Example 12: The interphalangeal joint fusion system according to any example herein, particularly examples 1-11, wherein the annular body includes a plurality of circumferential slots arranged circumferentially about the annular body and extending at least partially through the annular body.
Example 13: The interphalangeal joint fusion system according to any example herein, particularly examples 12, wherein at least one of the plurality of circumferential slots extends through the annular body from the proximal surface to the distal surface.
Example 14: The interphalangeal joint fusion system according to any example herein, particularly examples 12-13, wherein the plurality of circumferential slots are spaced evenly about a circumference of the annular body.
Example 15: The interphalangeal joint fusion system according to any example herein, particularly examples 12-14, wherein the plurality of circumferential slots include an elongated body portion having a curvature corresponding to a curvature of the annular body.
Example 16: The interphalangeal joint fusion system according to any example herein, particularly examples 1-15, wherein the annular body includes a suture opening extending through the annular body.

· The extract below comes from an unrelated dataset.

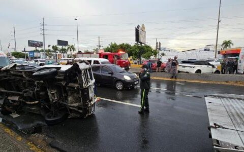 Se produce accidente de tránsito entre minibús y yipeta en avenida Kennedy próximo a Lope de Vega

Example 17: The interphalangeal joint fusion system according to any example herein, particularly examples 1-16, wherein the annular body includes a staple cutout extending radially inward from an outer surface of the annular body toward a central axis of the annular body.
Example 18: The interphalangeal joint fusion system according to any example herein, particularly examples 1-17, wherein the annular body includes a central lumen extending therethrough, an inner surface of the central lumen including a radial projection extending radially away from a central axis of the annular body.
Example 19: The interphalangeal joint fusion system according to any example herein, particularly examples 1-18, wherein the annular body includes a central lumen extending therethrough, the central lumen having an inner diameter ranging from 4.0 mm to 5.0 mm, and the annular member having an outer diameter ranging from 6 mm to 7 mm.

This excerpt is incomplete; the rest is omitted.